#857

Conversámos [com João Pimentel e Carmo Gregório] à noite, depois de fecharem a livraria [Fabula Urbis] às 20h, e de jantarem, como muitas vezes, num restaurante do bairro [da Sé, em Lisboa]. Falar sobre livros é quase tão bom como lê-los e a noite foi longa.
Carmo: ‘Quando fui directora de uma escola, convidei várias vezes Agostinho da Silva a ir falar com os alunos. E lembro-me de uma vez ele dizer que dava os livros, não os guardava, porque ficaria preso. Se não tivesse livros, estava sempre pronto a partir. Realmente, os livros amarram-nos.’
João: ‘São uma grande âncora. E um grande lastro.

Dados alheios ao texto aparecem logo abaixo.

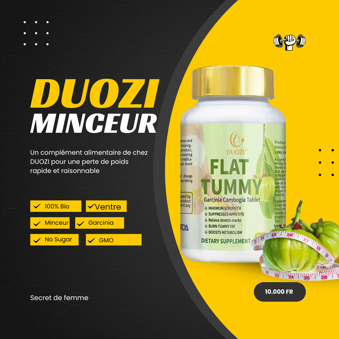 Maximisez votre perte de poids avec Duozi Flat Tummy. Ces comprimés sont formulés pour supprimer l'appétit et booster votre métabolisme tout en réduisant les graisses du ventre. Un complément parfait pour une silhouette affinée et tonifiée. Idéal pour ceux cherchant un soutien naturel dans leur parcours minceur. Prenez le contrôle de votre santé dès aujourd'hui!
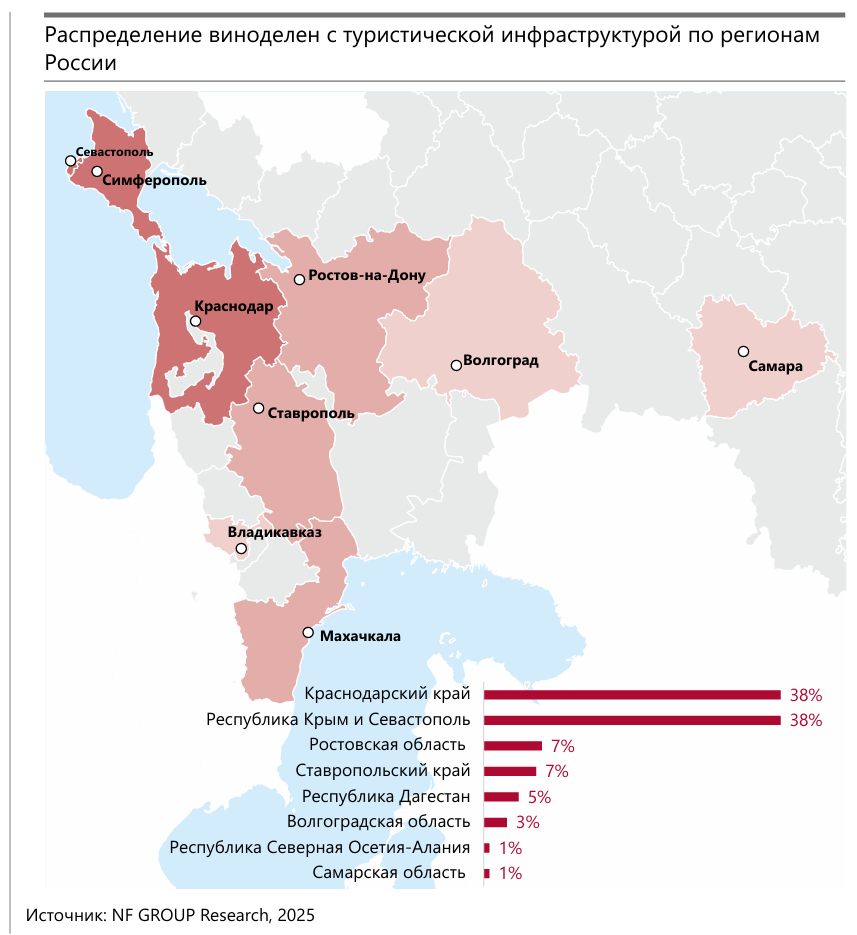 По состоянию на август 2025 в России насчитывается 284 винодельни.

Só de pensar em mudar de casa com estes livros todos. Mas, como dizia um filósofo, se tivermos uma horta e uma biblioteca, temos tudo o que precisamos.’
Carmo: ‘Era o meu sonho.’
João: ‘Livros para ler toda a vida e uma horta para as sopas para nos alimentarmos.’
Carmo: ‘Mas também não se saía de lá.’
João: ‘Mas não seria preciso sair. Os livros levam-nos para qualquer lado. O Maquiavel tem um texto muito interessante – o Maquiavel não era nada maquiavélico como pensam – em que diz qualquer coisa como ‘Quando chego a casa visto-me, porque vou encontrar-me com os mais ilustres’… Ia encontrar-se com os grandes autores. Como algumas pessoas se vestiam para ir ao teatro, o Maquiavel vestia-se para ler.’